◆ Exercise aim ◆
The exercise asks you to copy every line below in which "bibliotēkas" appears.
● ● ● ●
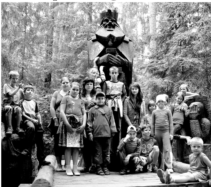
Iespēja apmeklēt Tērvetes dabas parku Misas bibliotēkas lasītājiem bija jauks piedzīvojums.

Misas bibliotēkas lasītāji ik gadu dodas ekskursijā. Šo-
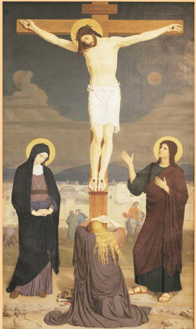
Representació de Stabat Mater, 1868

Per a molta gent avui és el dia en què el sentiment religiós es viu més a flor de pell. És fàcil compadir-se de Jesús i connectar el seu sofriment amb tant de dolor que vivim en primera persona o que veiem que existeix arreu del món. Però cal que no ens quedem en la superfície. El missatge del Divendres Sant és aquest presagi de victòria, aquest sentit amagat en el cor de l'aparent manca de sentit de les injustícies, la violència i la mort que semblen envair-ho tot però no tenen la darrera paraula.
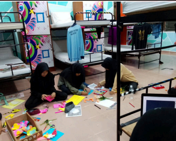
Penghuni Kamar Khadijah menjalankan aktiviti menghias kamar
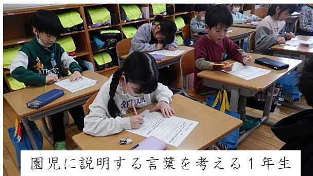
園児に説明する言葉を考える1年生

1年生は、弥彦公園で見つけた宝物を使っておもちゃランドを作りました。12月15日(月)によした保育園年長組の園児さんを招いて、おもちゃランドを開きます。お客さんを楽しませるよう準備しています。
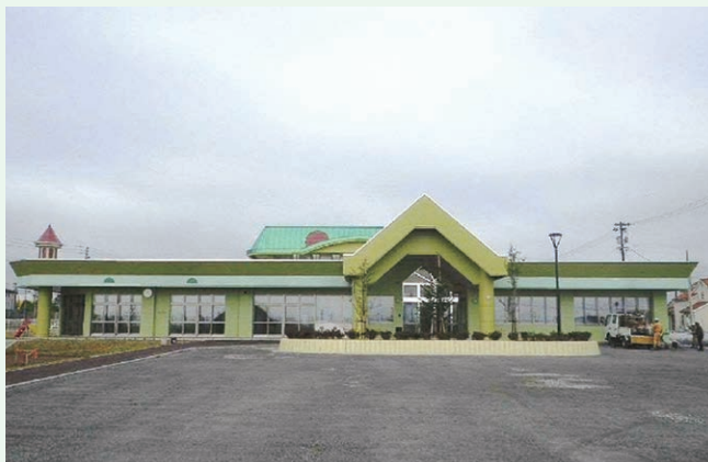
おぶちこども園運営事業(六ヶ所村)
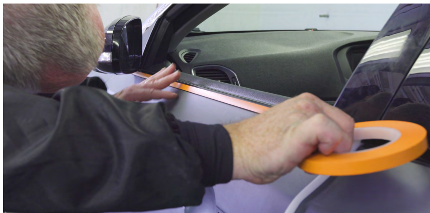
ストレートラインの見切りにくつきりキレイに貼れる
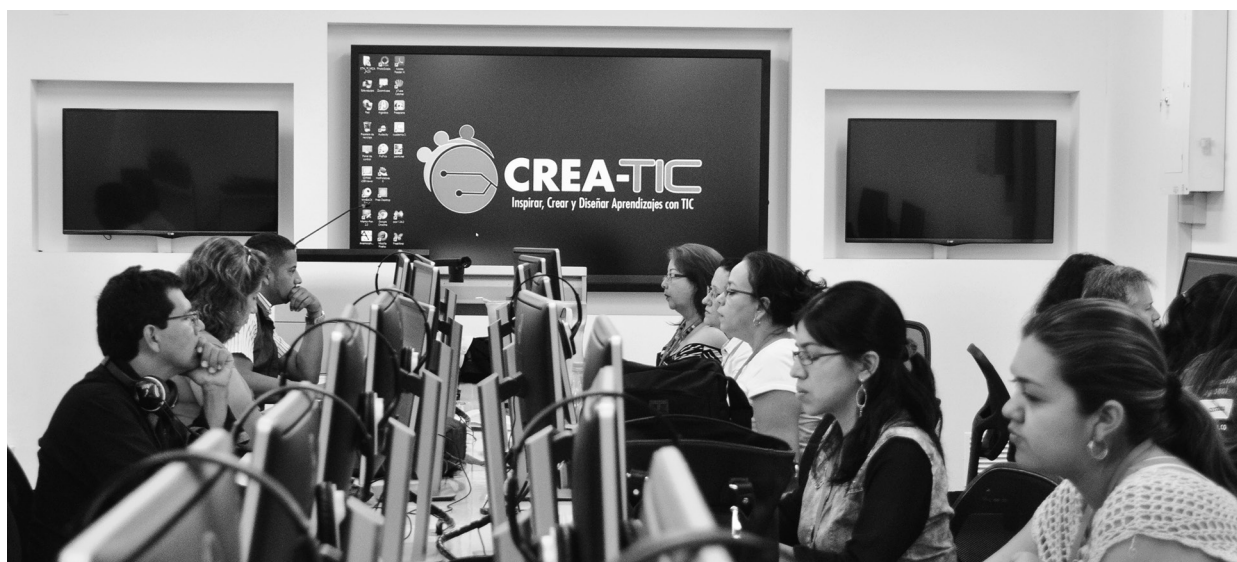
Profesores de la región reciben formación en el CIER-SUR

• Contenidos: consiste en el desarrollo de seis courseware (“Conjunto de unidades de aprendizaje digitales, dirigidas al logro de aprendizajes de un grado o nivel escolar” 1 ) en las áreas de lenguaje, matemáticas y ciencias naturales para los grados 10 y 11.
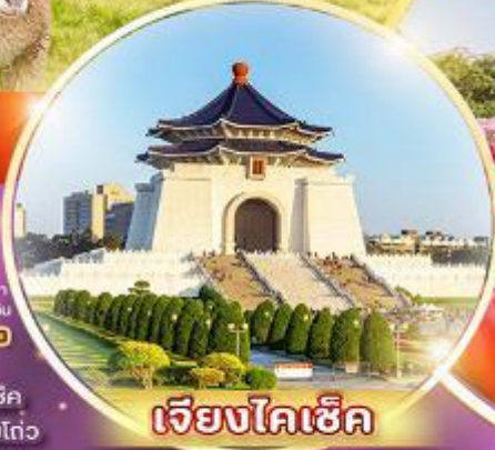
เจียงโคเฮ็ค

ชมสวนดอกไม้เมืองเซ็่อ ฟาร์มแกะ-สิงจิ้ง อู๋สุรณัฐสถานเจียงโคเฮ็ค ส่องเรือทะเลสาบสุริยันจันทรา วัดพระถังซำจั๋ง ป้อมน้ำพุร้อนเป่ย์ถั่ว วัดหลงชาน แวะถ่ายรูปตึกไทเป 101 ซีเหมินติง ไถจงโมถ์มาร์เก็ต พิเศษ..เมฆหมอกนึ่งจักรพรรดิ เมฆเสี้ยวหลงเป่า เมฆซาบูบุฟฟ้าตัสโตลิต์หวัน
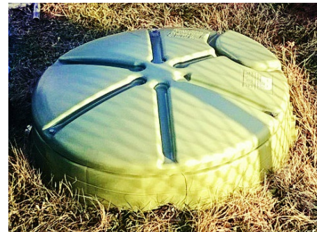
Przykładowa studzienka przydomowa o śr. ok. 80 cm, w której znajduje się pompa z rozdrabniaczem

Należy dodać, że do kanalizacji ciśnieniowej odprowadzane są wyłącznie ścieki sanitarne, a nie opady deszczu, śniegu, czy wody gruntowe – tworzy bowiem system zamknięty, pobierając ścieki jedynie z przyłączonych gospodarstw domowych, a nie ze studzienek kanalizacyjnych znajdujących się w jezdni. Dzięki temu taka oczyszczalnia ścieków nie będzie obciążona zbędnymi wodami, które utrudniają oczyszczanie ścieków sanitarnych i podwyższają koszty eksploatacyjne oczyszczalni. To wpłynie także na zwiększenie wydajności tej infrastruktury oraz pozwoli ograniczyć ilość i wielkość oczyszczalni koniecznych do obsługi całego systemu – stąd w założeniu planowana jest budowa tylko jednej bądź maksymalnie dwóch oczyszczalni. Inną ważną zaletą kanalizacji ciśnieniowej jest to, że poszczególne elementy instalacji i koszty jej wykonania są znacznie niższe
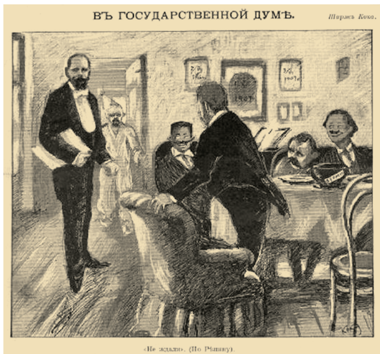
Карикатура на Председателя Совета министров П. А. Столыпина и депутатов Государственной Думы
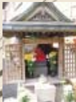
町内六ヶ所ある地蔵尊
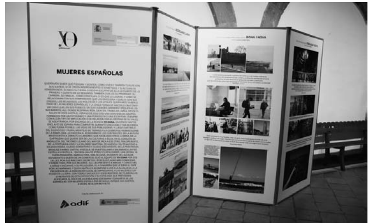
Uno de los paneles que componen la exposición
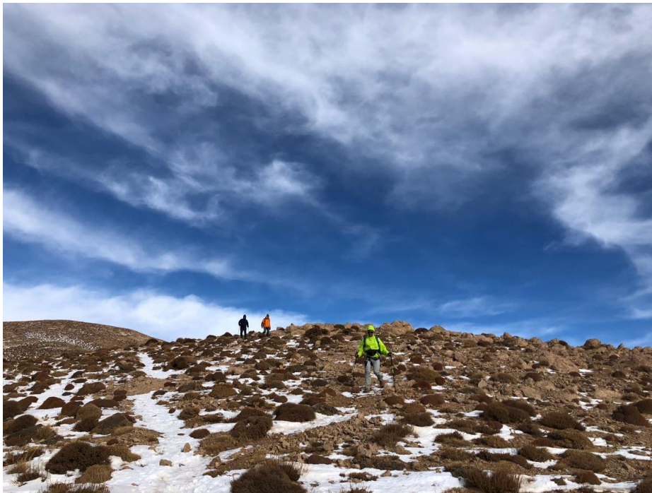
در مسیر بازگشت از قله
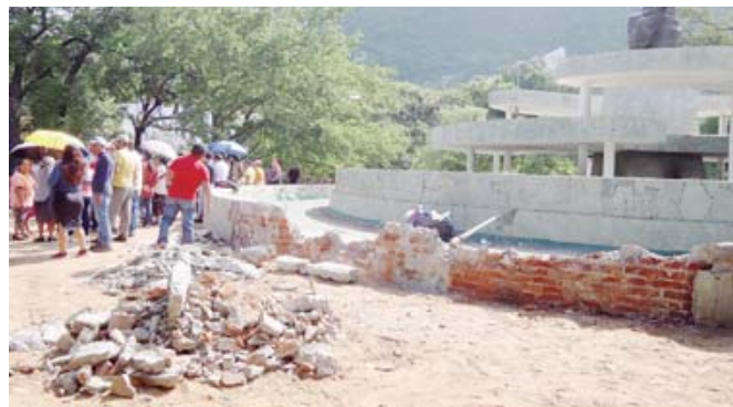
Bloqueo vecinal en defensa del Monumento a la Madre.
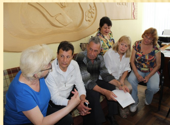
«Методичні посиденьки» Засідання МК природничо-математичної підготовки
● ● ● ●
◆ Result below ◆
Iespēja apmeklēt Tērvetes dabas parku Misas bibliotēkas lasītājiem bija jauks piedzīvojums.
Misas bibliotēkas lasītāji ik gadu dodas ekskursijā. Šo-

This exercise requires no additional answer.